Posts tagged "mcp-tooling"

2 posts · all topics

Asking the test authoring agent what tools it wanted

There's a growing recognition in the industry that designing for agents-as-users is a different problem than designing for human users. We've been working through this on my team for a while, and I think it's worth naming what we've actually been doing.

When I was scoping the recent refactor of our test authoring agent's tool surface, I had the agent itself analyze its own tools and write me a report — what surprised it, what felt redundant, what it wanted that wasn't there. That report shaped the tool list in a recent upgrade that made the authoring agent a lot more capable. My teammate, Anja, did something similar with the new results analysis tool, asking a coding agent to explain why it kept reaching for one tool over another, so the design would hold up through MCP.

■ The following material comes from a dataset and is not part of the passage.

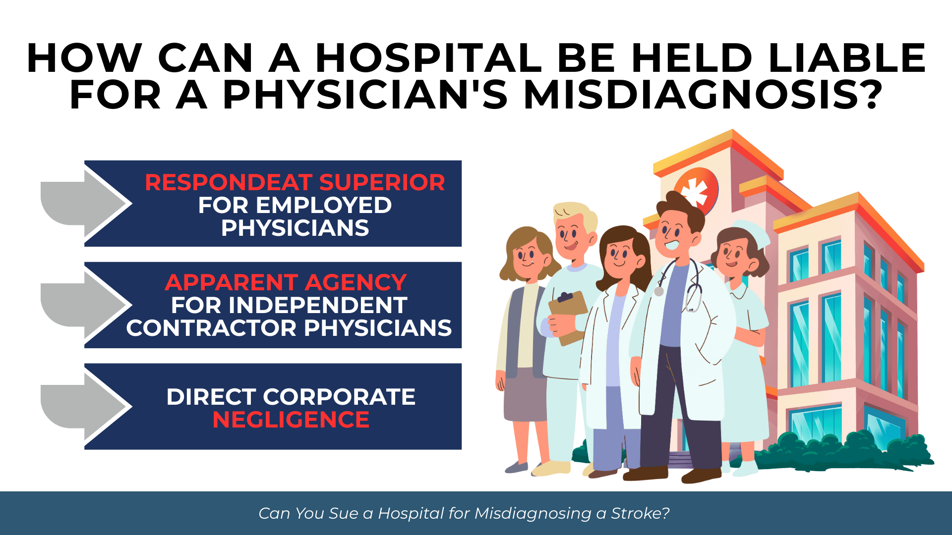 If a hospital negligently credentialed a physician with a history of diagnostic failures, or if systemic failures in emergency department protocols contributed to the misdiagnosis, the hospital itself may be directly negligent. This theory does not depend on establishing an employment or agency relationship with the misdiagnosing physician.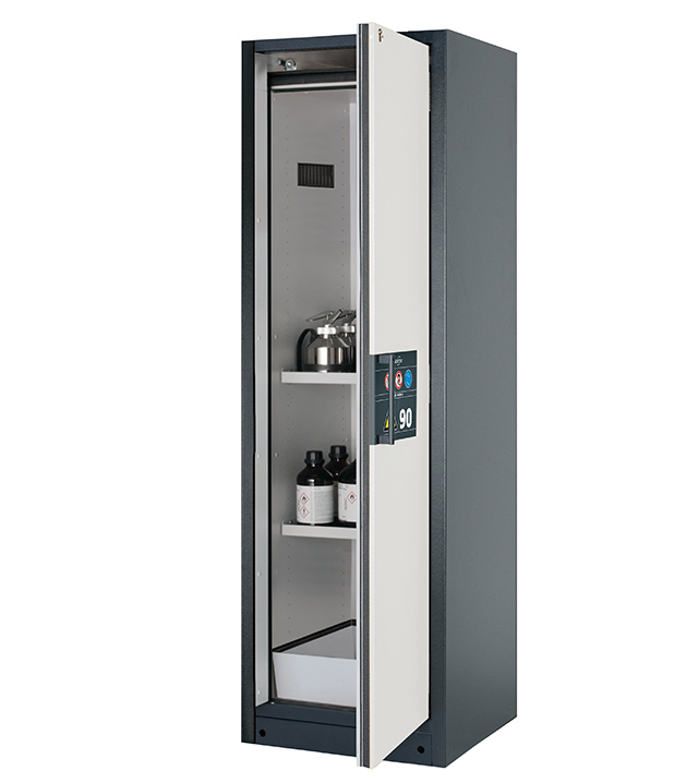 Korpusfarbe Anthrazitgrau (RAL 7016), mit Flügeltür in Reinweiß (RAL 9010), Inneneinrichtung mit 2 x Fachboden, 1 x Bodenauffangwanne (Stahlblech pulverbeschichtet)

The pattern across both: when you're building something for an agent to use, the agent itself is the closest user-research subject you have. I want to reach for this approach earlier next time.

mabl remote MCP catching a deployment-breaking selector regression while my PR was still open.

I rewrote the workspace menu on a branch this weekend, swapping a Bootstrap dropdown for a Material-UI button, and the mabl remote MCP told me — in the PR, before I'd merged anything — that I'd just broken every mabl-on-mabl test that goes through login. The agent walked the chain: get_mabl_deployment surfaced the failing deploy preview runs, analyze_failure produced the root-cause synopsis, and get_mabl_test_details located the offending step. Our "App - Login" reusable flow asserts on a specific selector to confirm the workspace dropdown is present. My rewrite replaced that control with one mabl's intelligent find recognizes natively — so the right fix is to delete the brittle assertion and let intelligent find do its job. The agent proposed both: a one-line backwards-compat id to unblock the PR today, and a follow-up to clean up the e2e flow at leisure. Ten seconds in context. I'd have caught this at deploy time without the MCP; I caught it while I was still in the diff.